6.3 Partiendo de estas precisiones y volviendo al caso que centra nuestra atención, es cierto que no hubiera estado de más que hubieran comparecido a juicio los facultativos que prestaron asistencia sanitaria al acusado y cuyos informes obraban en las actuaciones por más que en algunos casos la asistencia prestada fuera muy anterior al momento en que ocurrieron los hechos. Sin embargo, ni en el momento del juicio ni con posterioridad la información que podrían haber aportado estos facultativos era imprescindible. De un lado, se realizaron los correspondientes informes periciales para determinar la afectación del psiquismo del autor, en los que se tuvieron en cuenta la información médica incorporada a la causa, de forma las afecciones a aludidas en los informes médicos de los distintos centros sanitarios fueron expresamente reconocidas en la sentencia. Comparecieron en juicio dos médicos forenses y tres psiquiatras, entre ellos los dos médicos forenses del Instituto de Medicina Legal de Guadalajara que exploraron al recurrente el día de los hechos y que observaron de forma directa que el acusado no presentaba en ese momento trastorno psicológico o por drogas. Sobre este particular el tribunal contó con el testimonio de diferentes personas que afirmaron que el acusado tenía un comportamiento normal y que no parecía que tuviera afectadas sus capacidades psíquicas.

Este último extremo es muy relevante porque para valorar la viabilidad de la pretensión del recurso, y que hay que atender a los presupuestos de aplicación de la circunstancia modificativa de la responsabilidad que se pretendía acreditar y, tanto en el caso de la anomalía psíquica como en el de la drogadicción, no sólo se precisa la existencia de una patología siquiátrica o el consumo de drogas, sino que se exige también que se produzca una afectación de las capacidades psíquicas en el momento de la comisión del delito y en este caso no se acreditó esa afectación por la apreciación de varias pruebas: La declaración de los facultativos que examinaron al acusado inmediatamente después del hecho y varios testigos que depusieron en el plenario sobre el estado psíquico del recurrente.

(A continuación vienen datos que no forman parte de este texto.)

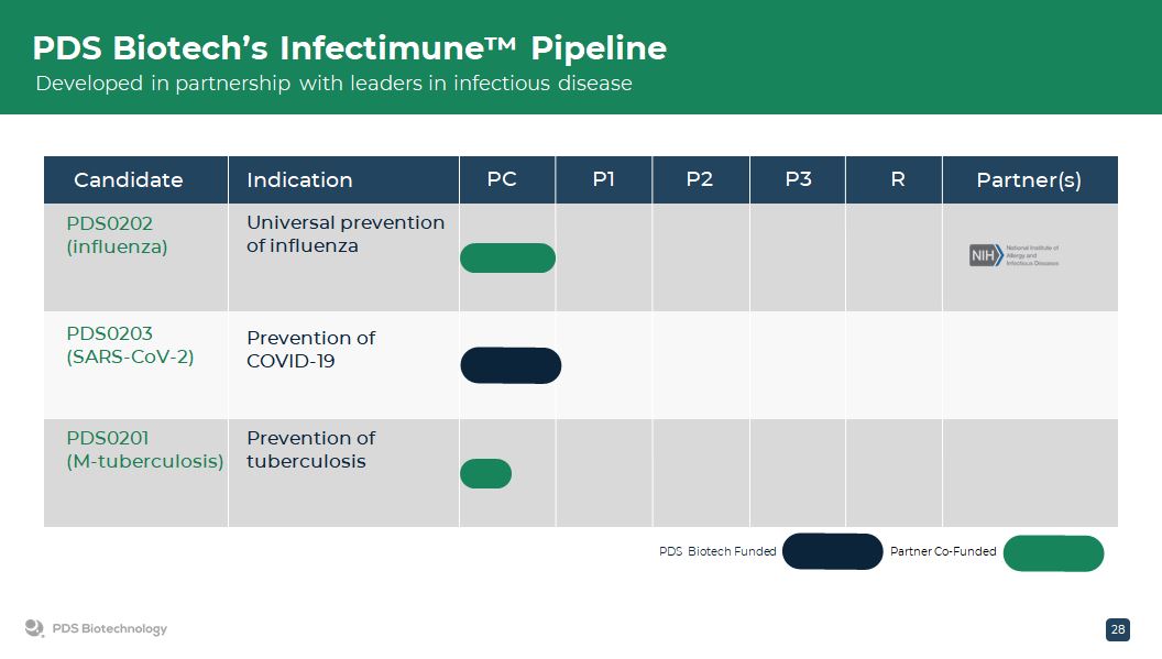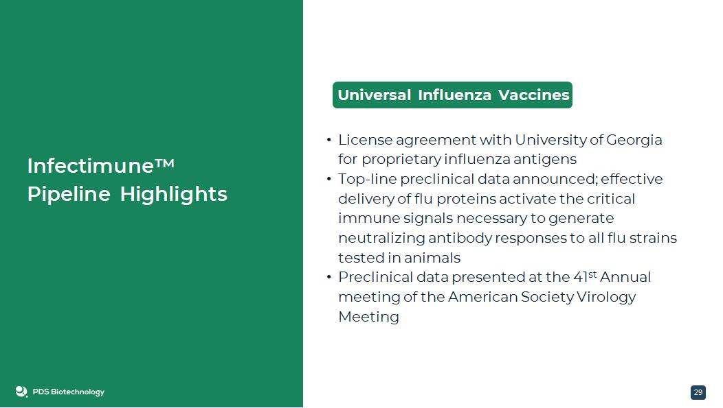 PDS Biotech’s Infectimune™ Pipeline   Developed in partnership with leaders in infectious disease  Prevention of tuberculosis  PDS0201   (M-tuberculosis)  Candidate  Indication  PC  P1  P2  P3  R  Partner(s)  Universal prevention of influenza  PDS Biotech Funded  Partner Co-Funded  PDS0202 (influenza)  PDS0203   (SARS-CoV-2)  Prevention of COVID-19  28

Se invoca la existencia de indefensión porque la defensa no ha podido llamar a juicio a los facultativos que atendieron al acusado en etapas anteriores a la realización del acto punible, pero, de un lado, sus informes fueron examinados y valorados por los peritos forenses y, de otro, su testimonio ninguna influencia podría haber tenido en el fallo de la sentencia dada la contundencia de la prueba de cargo.

El motivo se desestima.

7. Séptimo motivo, al amparo del artículo 852 de la LECrim , por vulneración del derecho a la tutela judicial efectiva y a la presunción de inocencia

7.1 En este séptimo motivo de impugnación, subsidiario al formalizado por infracción de ley, se postula la declaración de nulidad del informe sobre imputabilidad, por ser sesgado, incompleto y carente de rigurosidad y congruencia. Se alega que el informe no recoge el trastorno bipolar del recurrente e incluso en el trámite de informe se llegó a decir que no era relevante a efectos de imputabilidad. También se señala en cuanto al consumo de alcohol que era puntual, entrando en contradicción con los informes obrantes en autos. Se señala que las forenses durante la ratificación incurrieron en numerosas contradicciones e incongruencias. En cuanto a los doctores de Guadalajara admitieron que no habían reconocido al acusado y que lo examinaron con urgencia y sin tener los informes médicos por lo que tuvieron que llamar a hospitales y a la hermana del acusado para recabar información. Estos doctores fueron los que en el juicio dijeron que el trastorno bipolar no era crónico. Negaron la existencia de un brote psicótico así como la existencia de síndrome de abstinencia. A la vista de lo expuesto y de las demás alegaciones que constan en el escrito de recurso entiende la defensa que los informes realizados por estos facultativos carecen de fuerza probatoria.

7.2 No hay causa legal alguna que justifique la petición de nulidad de la prueba ya que, al margen del valor probatorio que le asigne el tribunal, no hay vulneraciones de naturaleza procesal o constitucional que justifiquen la nulidad de actuaciones conforme a las previsiones del artículo 11.1 y 238 y concordantes de la Ley Orgánica del Poder Judicial. Las quejas del recurrente se enmarcan exclusivamente en la valoración de esa prueba, no en su licitud o su regularidad, por lo que el análisis del gravamen invocado debe encauzarse a través de una eventual lesión del derecho a la presunción de inocencia, lo que nos obliga previamente a determinar el ámbito de impugnación de este motivo casacional.

7.3 La función de control en casación del respeto a la presunción de inocencia no puede abordarse en las mismas condiciones que un órgano de segunda instancia. El derecho a un recurso plenamente devolutivo se ha sustanciado mediante la apelación ante el Tribunal Superior de Justicia. Es la sentencia dictada en ese grado contra la que se plantea el recurso de casación.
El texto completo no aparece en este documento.